Mr. Parker: VCs don't like to see anything that
they're not used to seeing before.
Mr. VonWindheim: Right. So there's classical structure.
Mr. Parker: There are classical people who have the
attention span of a gnat on Ritalin. It doesn't work. In the case
of CRONOS, the fact of the matter was that back in 1999 there were
some structural aspects to the proposed spinout that were
problematic for a number of VCs. We were stumbling around trying
to put our shoes on at that point. We were not . . .
Mr. VonWindheim: They came to the table third.
Mr. Parker: Third?
Mr. VonWindheim: Yes, you were third.
Mr. Parker: Really? I thought we were second.
Mr. VonWindheim: We had to improve the deal in its structure quite considerably.

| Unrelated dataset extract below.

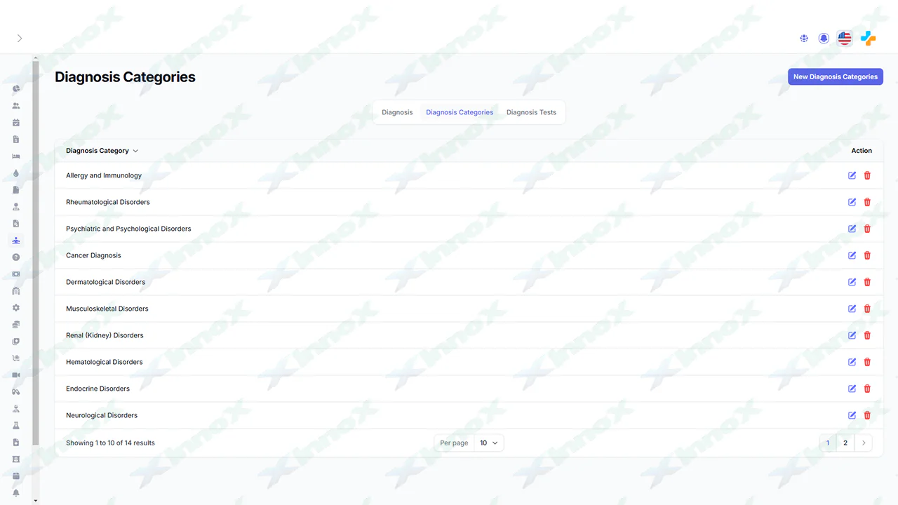 Admin can add different types of diagnosis categories which is used in patient diagnosis test.

Mr. Parker: There was a lot of work that had to be
done. That's how it worked.
Mr. VonWindheim: But it was only when we, as the corporation and spinout team,
structured it so that VCs could accept it that it actually became
a doable deal. By the time SpaceVest got to it, they had the
benefit of us learning our way through that. There were things the
corporate parent didn't want to let go of, but, eventually, they
realized they had to.
Q: Are there any special performance or
other key metrics that you put on a deal to measure the
entrepreneur's performance in a spinout compared to a straight
startup? Are there any different criteria that you put the
entrepreneur through once you've got the deal in front of you?
Mr. Parker: No.
Mr. Kennedy: Probably the biggest set of battles I've
been in with VCs in structuring deals are clawback provisions.

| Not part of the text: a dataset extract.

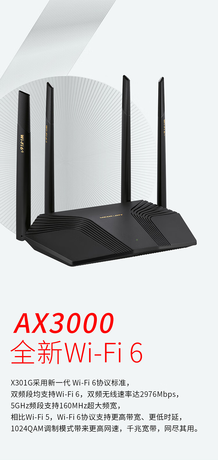 水星(MERCURY)AX3000双频WiFi6双频全千兆无线路由器

When we license intellectual property there are a few things we're
looking for, like success and some earnest work at arriving at
success. Typically we write clawback provisions in the
intellectual property licenses that say things like, “If you
can't raise X-amount of dollars within Y period of time, your
license expires. If you're going into bankruptcy, your license
expires. If you are starting a fiber optics company with our fiber
optics technology and you decide to change it into a sneaker
company and compete with Nike, your license expires.” These are
provisions to keep people somewhat close to their business plan.

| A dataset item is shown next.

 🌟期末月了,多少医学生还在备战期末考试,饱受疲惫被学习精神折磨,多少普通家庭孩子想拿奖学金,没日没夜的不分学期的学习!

We give a lot of latitude, too, because companies tend to wander
from their business plans based on very good reasons—with the
concurrence of the board of directors. There are usually a few
clawback provisions in the licenses, but, by the time you hit a
second or third round, the VCs are writing all that stuff back out
of the documents because the company should have satisfied those
conditions by then. They should have raised enough money to get
going, developed some presence in the market, and generated
traction with customers that would assure you that they are going
to make use of the intellectual property and so forth. The
conditions fall away as time goes by.
Q: Can you provide some advice on the
following situation? Our company has been acquired by a larger
corporation which decided that our particular technology wasn't a
part of the ongoing plan. In essence, they laid off the
engineering team and put the technology in a box in the closet.
Tom, your situation is so similar to this. Any suggestions?
Mr. Gilbert: If the corporation does not have a Hal
Kennedy, and my perspective is that most don't . . .
Mr. Kennedy: Most don't .
Mr. Gilbert: Frankly, I think the best shot is the
approach we took. Figure out which member of the executive team
either has the most to gain or the most to lose in the situation.
Go to them with a personal value proposition. “I'm going to
solve this problem or I'm going to help enhance your position
because you've got $20 million sunk in something that's a losing
proposition. I can help turn it into a positive.”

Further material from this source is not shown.